TASK DIRECTIONS.
The answer must be an exact copy of the lines from the one containing "Coastal Morning Glory" through the last line of the records, with no pictures.
── INFORMATION ──
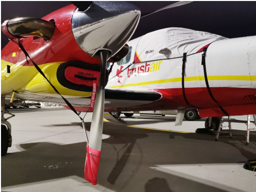
Piper PA-42 Cheyenne III Cockpit Cover, Prop Tie/Exhaust Cover, Inlet Plugs

Engine Inlet Plugs are custom fit for your Piper PA-42 Cheyenne III intakes, made with heavy-duty vinyl material, and stuffed with a single block of sculpted urethane foam. Each plug has a zipper that allows the foam to be removed and dried if necessary. Engine plugs have warning flags that are visible from the cockpit or 'remove before flight' streamers sewn onto the face of the plugs. Most plugs are imprinted with the aircraft registration number in black for an extra charge. Storage bag NOT included. Engine plugs may be inserted after flight when the engine is still warm. Engine Inlet Plugs are commonly referred to as Cowl Plugs, Intake Plugs, Cowl Blocks, Engine Blocks, and Engine Bungs.
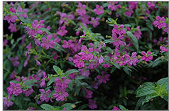
Allyson Mexican Heather flowers

Allyson Mexican Heather will grow to be about 24 inches tall at maturity, with a spread of 24 inches. Its foliage tends to remain dense right to the ground, not requiring facer plants in front. Although it's not a true annual, this fast-growing plant can be expected to behave as an annual in our climate if left outdoors over the winter, usually needing replacement the following year. As such, gardeners should take into consideration that it will perform differently than it would in its native habitat.
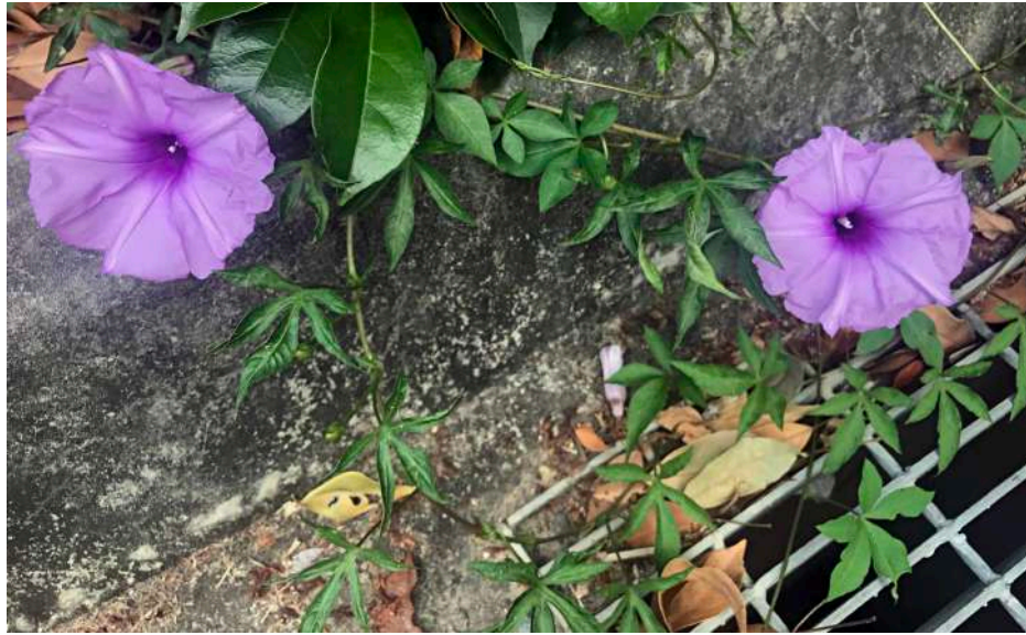
Coastal Morning Glory ( Ipomoea cairica ) This twining vine with conspicuous tubular purple flowers is commonly seen around the edges of landscape areas. A rare white-coloured form (below) grows along the Riverbank on Blue 3.
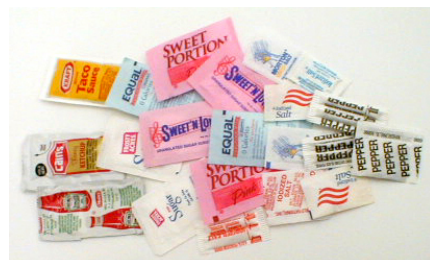
Single Service Condiments
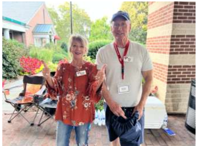
We had outside greeters as well as inside greeters
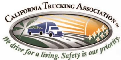
San Bernardino/Riverside Unit
───
SOLUTION FOR THIS TASK.
Coastal Morning Glory ( Ipomoea cairica ) This twining vine with conspicuous tubular purple flowers is commonly seen around the edges of landscape areas. A rare white-coloured form (below) grows along the Riverbank on Blue 3.
Single Service Condiments
We had outside greeters as well as inside greeters
San Bernardino/Riverside Unit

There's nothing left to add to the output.